Top of Extracted data

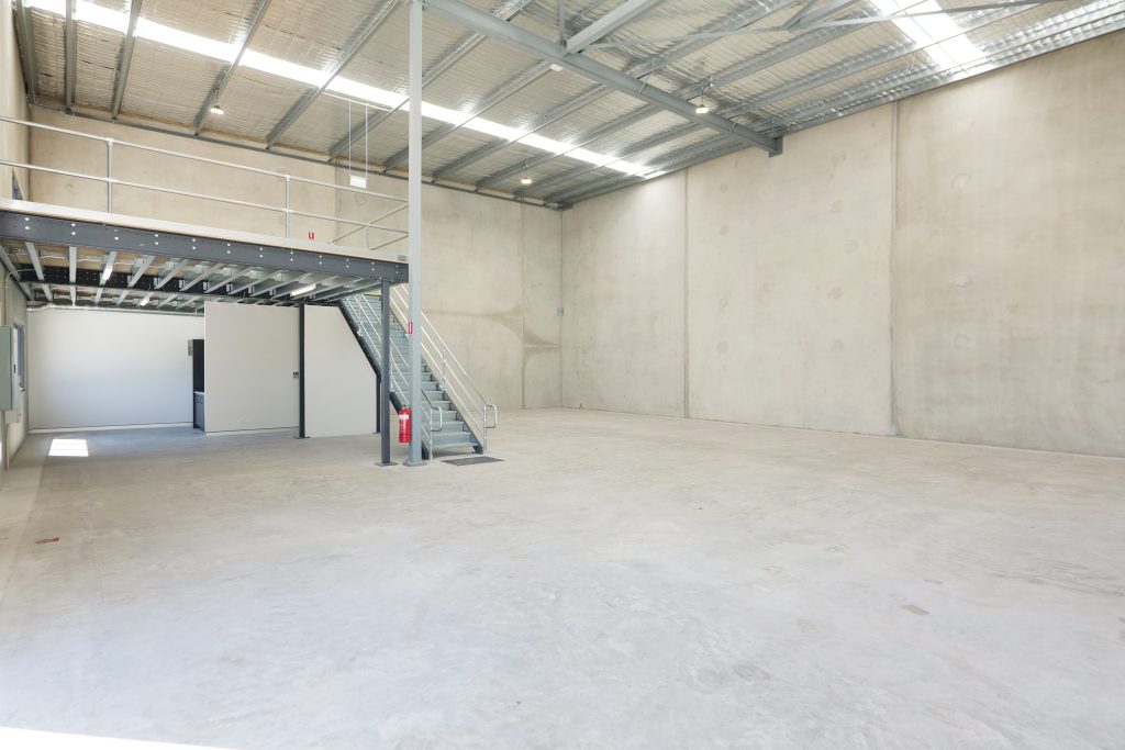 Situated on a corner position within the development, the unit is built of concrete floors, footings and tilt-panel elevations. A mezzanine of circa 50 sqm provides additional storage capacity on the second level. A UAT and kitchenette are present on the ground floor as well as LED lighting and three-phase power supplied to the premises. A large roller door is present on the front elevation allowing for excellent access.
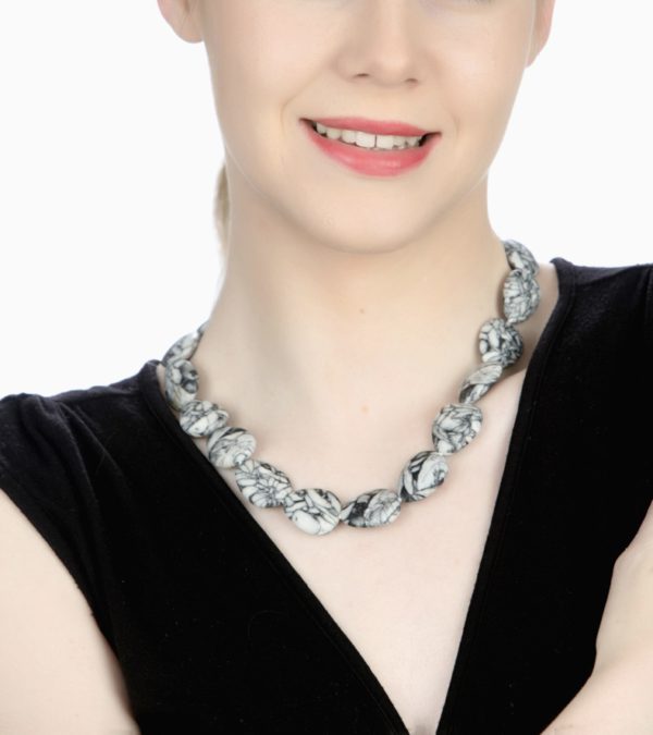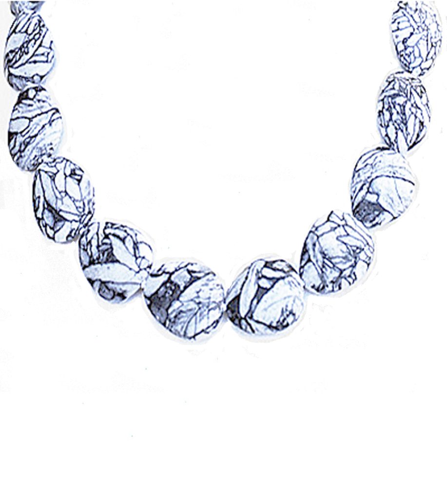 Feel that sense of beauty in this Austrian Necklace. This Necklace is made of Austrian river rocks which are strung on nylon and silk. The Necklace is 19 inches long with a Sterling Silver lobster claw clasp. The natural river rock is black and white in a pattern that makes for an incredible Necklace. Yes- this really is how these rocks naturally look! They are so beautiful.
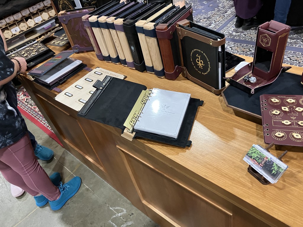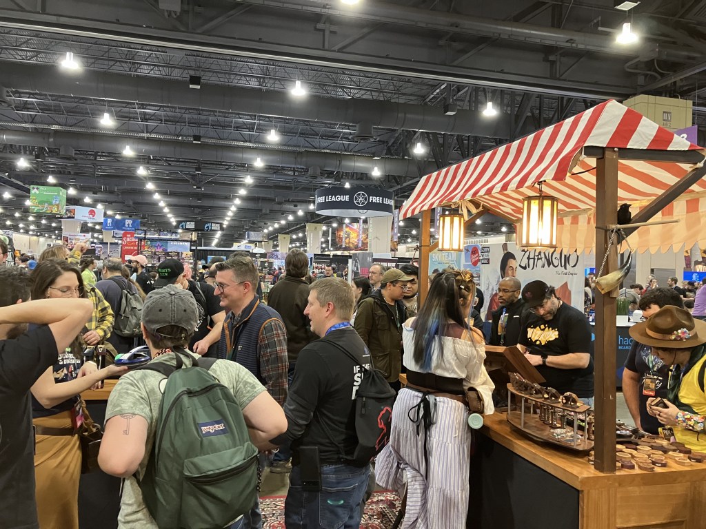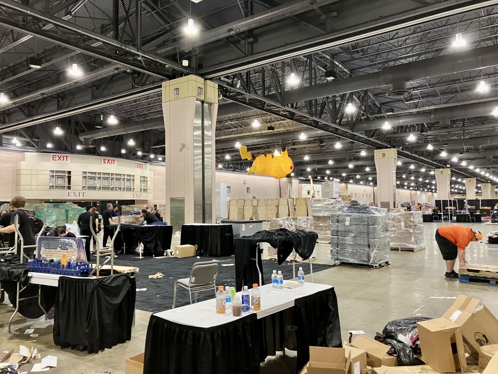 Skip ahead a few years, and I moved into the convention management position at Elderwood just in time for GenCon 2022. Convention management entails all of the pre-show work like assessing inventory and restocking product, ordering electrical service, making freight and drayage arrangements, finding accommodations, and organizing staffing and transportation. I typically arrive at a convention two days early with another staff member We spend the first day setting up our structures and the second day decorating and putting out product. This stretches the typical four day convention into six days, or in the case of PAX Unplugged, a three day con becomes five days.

Bottom of Extracted data
Top of Extracted data

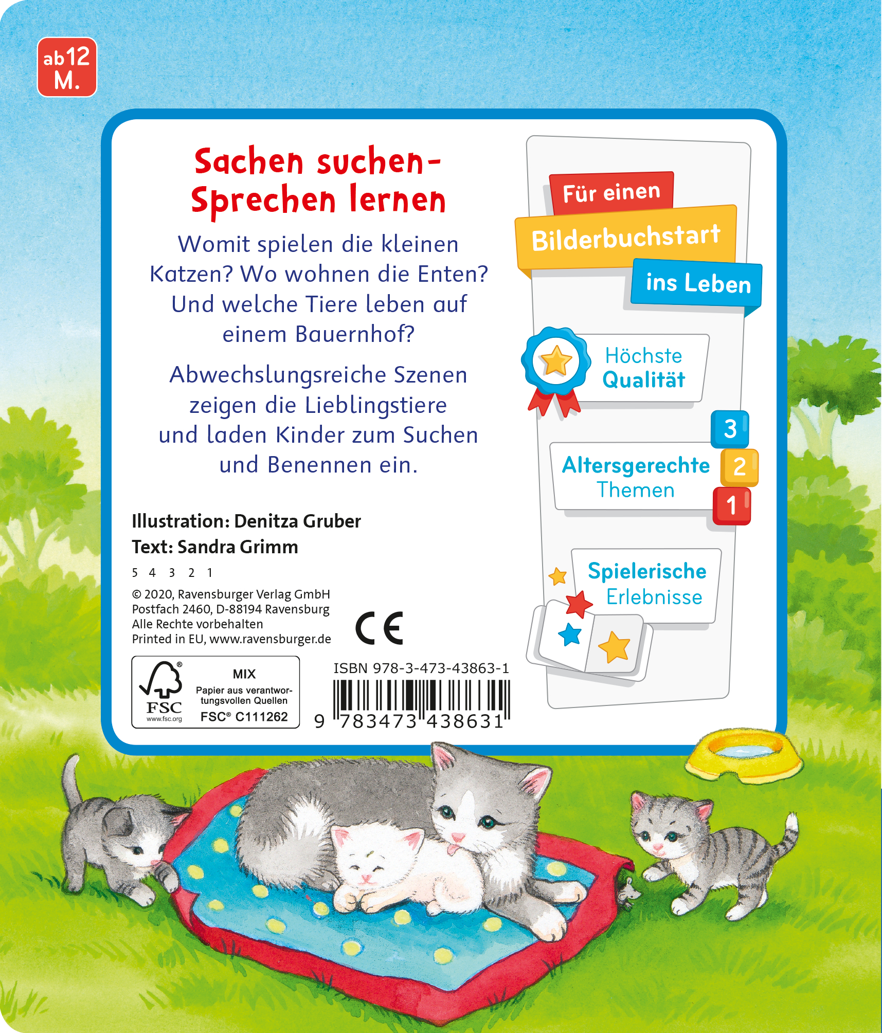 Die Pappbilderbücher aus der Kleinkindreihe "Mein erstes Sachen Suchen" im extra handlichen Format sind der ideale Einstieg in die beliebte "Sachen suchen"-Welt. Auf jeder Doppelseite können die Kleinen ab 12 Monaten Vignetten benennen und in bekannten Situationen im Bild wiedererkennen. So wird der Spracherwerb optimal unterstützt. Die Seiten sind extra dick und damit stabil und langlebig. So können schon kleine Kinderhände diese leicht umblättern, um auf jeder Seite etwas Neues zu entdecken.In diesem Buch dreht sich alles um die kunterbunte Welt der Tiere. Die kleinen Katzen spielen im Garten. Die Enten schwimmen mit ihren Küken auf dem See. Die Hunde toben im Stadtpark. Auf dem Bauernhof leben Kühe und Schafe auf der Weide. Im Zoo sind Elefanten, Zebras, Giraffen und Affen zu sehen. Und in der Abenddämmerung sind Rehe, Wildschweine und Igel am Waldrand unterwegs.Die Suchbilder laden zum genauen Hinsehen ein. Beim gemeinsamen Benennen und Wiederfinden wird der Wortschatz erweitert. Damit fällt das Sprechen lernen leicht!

Bottom of Extracted data

- Task brief
Reproduce the data above exactly, but only from the line containing "Situated on a" through the line containing "Feel that sense". Omit all pictures.

- Your response
 Situated on a corner position within the development, the unit is built of concrete floors, footings and tilt-panel elevations. A mezzanine of circa 50 sqm provides additional storage capacity on the second level. A UAT and kitchenette are present on the ground floor as well as LED lighting and three-phase power supplied to the premises. A large roller door is present on the front elevation allowing for excellent access.
 Feel that sense of beauty in this Austrian Necklace. This Necklace is made of Austrian river rocks which are strung on nylon and silk. The Necklace is 19 inches long with a Sterling Silver lobster claw clasp. The natural river rock is black and white in a pattern that makes for an incredible Necklace. Yes- this really is how these rocks naturally look! They are so beautiful.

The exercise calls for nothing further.